Scientists from the International Wheat Genome Sequencing Consortium reported a draft sequence of bread wheat’s genome, or genetic blueprint, in Science. With this genetic information in hand, researchers said that efforts to improve bread wheat, a crop that feeds 30% of the human population, through conventional breeding and genetic engineering could be greatly accelerated. Wheat researchers are currently working to produce new varieties of bread wheat that are high-yielding and resilient to threats like climate change and disease.
“This is a game-changer,” Jorge Dubcovsky, a wheat researcher at the University of California, Davis, who is not in the sequencing consortium, told Nature. “It will accelerate all the projects to identify important agricultural genes.”
The research efforts to sequence bread wheat, or Triticum aestivum‘s genome began in 2011. The task is daunting; the genome contains about 124,000 genes, about five times the size of the human genome. Today’s bread wheat evolved from multiple rounds of hybridization between different species, adding to the complexity of the genome. “Wheat essentially combines three grasses in one genetic package,” journalist Jennifer Frazer wrote in an article for National Geographic.
The project has cost $68 million so far, according to Kellye Eversole, executive director of the International Wheat Genome Sequencing Consortium. About half of the genome has been sequenced in this draft, and it will take another estimated $16 million to complete the project. “All the genes are understood in the right order along their respective chromosomes, but still missing is the genes’ orientation and the sequences of the regions between the genes,” Frazer wrote.
Although the researchers only have a draft, the findings represent a “very significant advancement,” according to Eduard Akhunov, associate professor of plant pathology at Kansas State University who was involved in the project.

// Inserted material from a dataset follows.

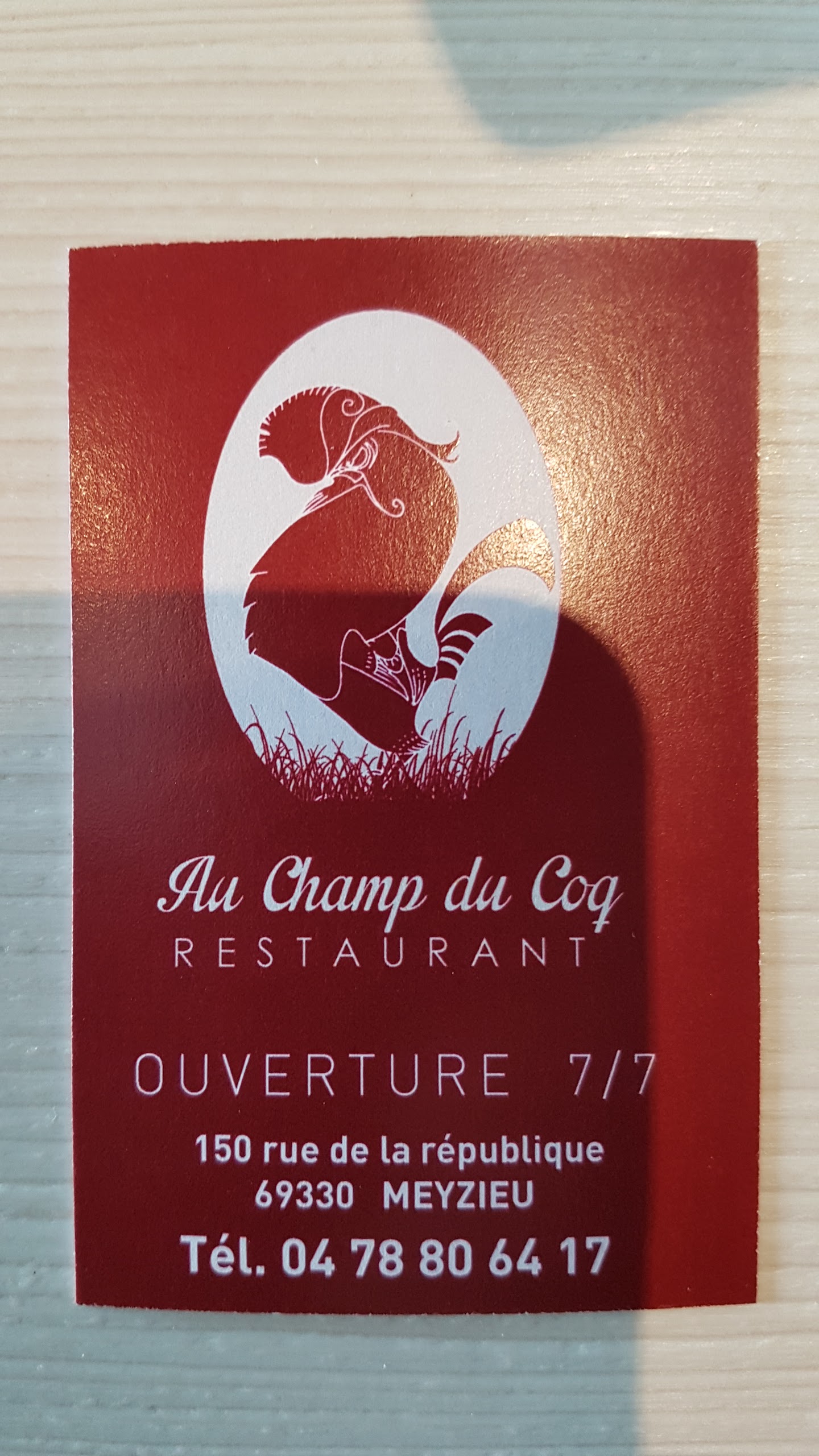 Voici toutes les informations sur le Restaurant Au Champ Du Coq qui ce trouve au 150 Rue de la République, 69330 Meyzieu (69). Sur cette fiche vous trouverez les photos, l'adresse, les horaires d'ouverture, le numero de téléphone et les avis clients.Vous pouvez églement rédiger un avis si vous le souhaitez en bas de page.
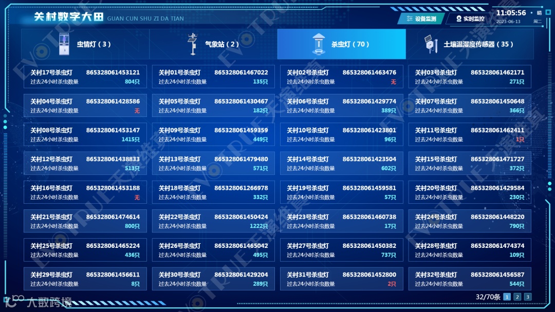 “我们给全村栽种的3500亩大田,安装了2个气象观测站、35个土壤墒情监测站、70个物联网虫情预警及杀虫灯,35个360度旋转高清摄像头,这就是我们的‘数字大田’,也就是用科技帮我们搞好生产!”村委会管理人员说道。

“For the first time, [wheat researchers] have at their disposal a set of tools enabling them to rapidly locate specific genes on individual wheat chromosomes throughout the genome. This resource is invaluable for identifying those genes that control complex traits, such as yield, grain quality, disease, pest resistance and abiotic stress tolerance,” Akhunov said. “They will be able to produce a new generation of wheat varieties with higher yields and improved sustainability to meet the demands of a growing world population in a changing environment.”
Wheat breeders like Scott Haley at Colorado State University have already begun using the data since they became available from a public repository last year. “People have asked me if this effort is really worth it,” Haley said. “I mean, come on. We absolutely have to have this information for wheat — it’s such an important food crop.”
Bread wheat is grown on more than 531 million acres around the world and produces nearly 700 million tons of food each year, according to Akhunov. The crop provides 20% of the world’s calories and researchers are facing pressure to develop more high-yielding varieties in order to meet the needs of a growing population. Genome sequencing has already proved invaluable for improving other major crops like corn and rice, both completed in 2009 and 2002.
“Human civilization rests on a small handful of crops, all of which were developed with much more stable weather conditions than we see now,” Patrick Schnable, an Iowa State University professor who worked on the genome sequencing of corn, told the Washington Post. “In a world with climate change, we need to help those crops adapt quickly.”
And researchers need the genome sequence of a crop to produce new varieties quickly. “I was told by a breeder that it was the single most valuable thing the government has ever done for them,” Schnable said.
“Knowing what genes are on which chromosomes will allow us to accelerate breeding by putting the right genes into the right wheat populations,” Eversole said. “In the long term, this means more rapid progress for wheat.”